She stood up at PMQs to long Conservative cheers, applause, acclaim. How pleased they were with her. “One of us! One of us!”

The Speaker, now a toad beneath the Tory harrow made no attempt to control them. His livelihood is dependent on pleasing his erstwhile enemies who had been his erstwhile friends and who are currently his masters.

Harriet, in her big white power jacket, looked better and sounded more leaderly than any of the leadership candidates. She doesn’t have Cooper’s vinegary misery-mongering, or Burnham’s SpAd mentality, and she’s got fifty kilos on Kendall. That’s all good. She’s also fractionally less left wing than front runner Jeremy Corbyn. Labour could do worse than Harriet. And almost certainly will.

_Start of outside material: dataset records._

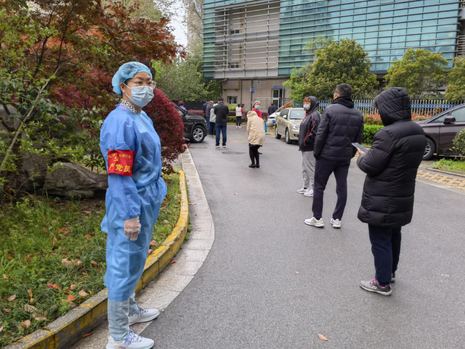 為確保疫情防控知識(shí)宣傳落實(shí)到位,國(guó)融公司綜合事務(wù)部主任袁莉,盡管身患糖尿病,仍主動(dòng)承擔(dān)起了紡織大廈疫情防控的任務(wù)。線上,她利用微信朋友圈、微信群等陣地及時(shí)轉(zhuǎn)發(fā)疫情防控權(quán)威信息,大力推進(jìn)防疫宣傳;線下,她連續(xù)值班值守,主動(dòng)參與起鳳社區(qū)卡口執(zhí)勤,服務(wù)三輪全員核酸檢測(cè),為全力撐起疫情防控“安全傘”貢獻(xiàn)力量。 在疫情防控工作中,資產(chǎn)經(jīng)營(yíng)部主任楊凌燕夫婦更是以辛苦付出贏得了一致認(rèn)可。她是支援起鳳社區(qū)的志愿者,身穿“大白”協(xié)助醫(yī)護(hù)人員進(jìn)行全民核酸檢測(cè);她是支援所在社區(qū)的急先鋒,維持秩序、引導(dǎo)群眾,盡心盡責(zé)。她的丈夫作為一名公務(wù)員也一起就地轉(zhuǎn)為志愿者,兢兢業(yè)業(yè)做著宣傳解釋疫情防控相關(guān)政策、服務(wù)全員核酸檢測(cè)等工作。楊凌燕說(shuō):“累是真的,但是能得到大家的認(rèn)可和贊揚(yáng),值了!” 下沉到社區(qū)的干部職工化身“大白”成為了協(xié)助做好核酸檢測(cè)的標(biāo)配。財(cái)務(wù)審計(jì)部副主任張煒第一次穿上全套“大白”支援起鳳社區(qū)核酸檢測(cè)后,就有了非常深刻的體會(huì)。4月12日下沉到所在社區(qū)后又一次穿起“大白”,四個(gè)多小時(shí)核酸檢測(cè)完,再回到家面對(duì)兩個(gè)孩子時(shí),她表示“電量?jī)H剩百分之一”。話語(yǔ)中,既有樂(lè)觀積極的心態(tài),更有對(duì)工作負(fù)責(zé)的堅(jiān)守和擔(dān)當(dāng)。
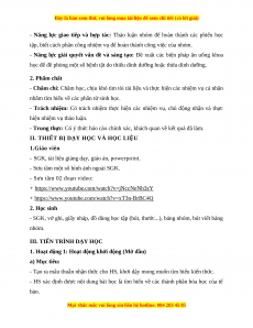 - Năng lực tự chủ và tự học: Tìm kiếm thông tin, đọc sách giáo khoa, quan sát
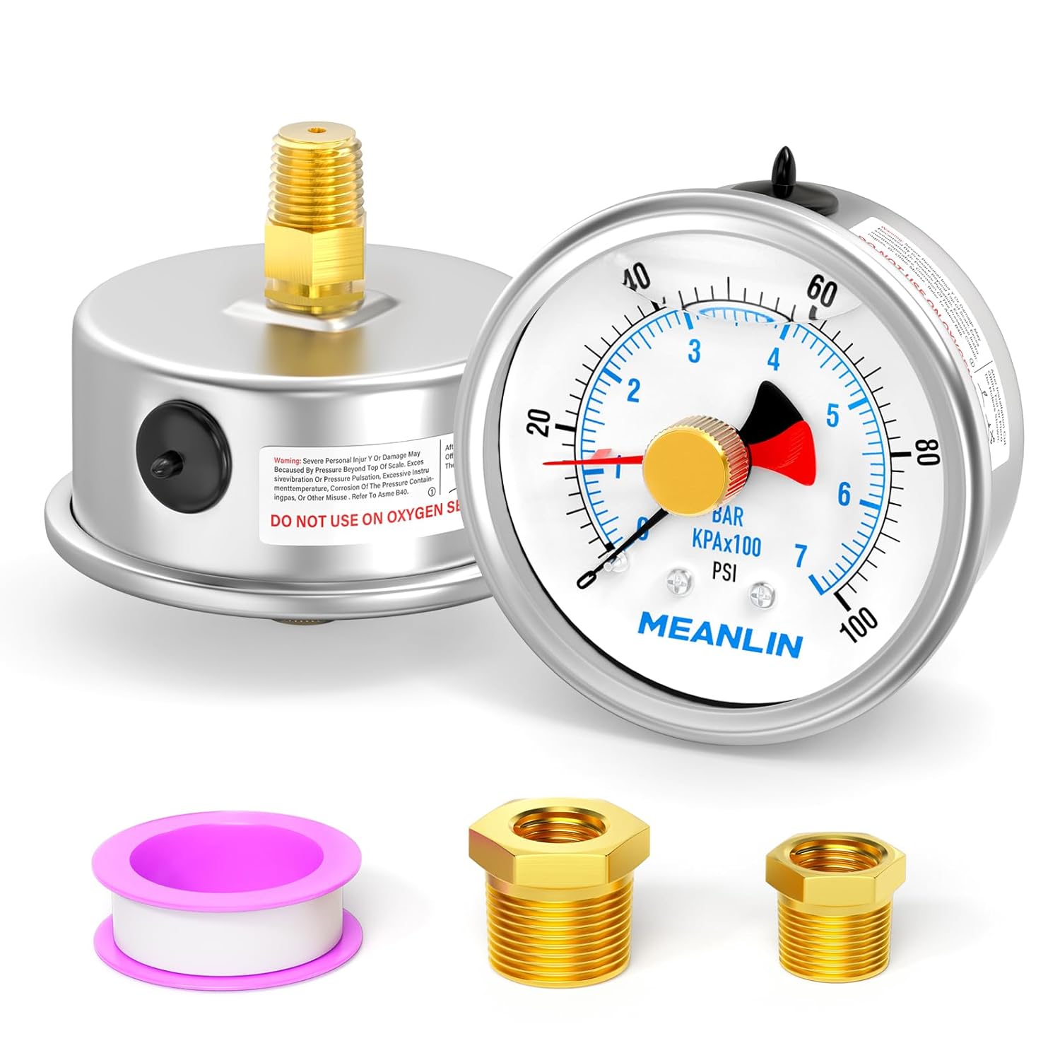 MEANLIN MEASURE 0~100Psi Stainless Steel 1/4" NPT 2.5" FACE DIAL with Reset Pointer Liquid Filled Pressure Gauge WOG Water Oil Air, Back Mount, with Brass Hex Bushing

She made her point that a rise in the minimum wage won’t compensate for the cuts in tax credits for working people. More people will be worse off. Cameron – marvelously relaxed, easy, head of house – said she hadn’t grasped the effect of the living wage. It’s true: she may not have.

The effect of the living wage is to destroy the Labour party.

That and denying a living wage for Labour in the form of union funding. Now, workers will have to consent to having their wages docked by unions. This she called an “attack on working people”. Working people might describe it differently. Were these compulsory deductions being made in other circumstances, Harriet would be demanding consumer protection, Cameron said, and prosecutions for misselling.

What a collective wince went up through the thinking left.

We are seeing relatively strict fiscal program put out alongside a relatively liberal social policy.

It is reminiscent of something, this “economic efficiency and social justice”.

In Labour’s view the Tories are worse than Tories.

Lower than vermin.

They are Blairites.

Nothing is higher in the demonology of the left than Blair’s lethal, election-winning combination.

The living wage. Tax reductions. Strike laws. Union funding. Popular welfare reforms. NHS boost. And – holy of holies – the boundary reviews. The Tories have 10 years inked in.

Harriet might be right. It might not be fair. But it’s politics.

Just one last observation on Miliband’s leadership: his party’s current chaos is his legacy. The one thing he is said to have done is now it’s undoing. He kept the party together. And he did so by not confronting the dilemmas they are failing to confront now. Miliband is the architect of his party’s destruction.

Maybe he was the secret Tory all along.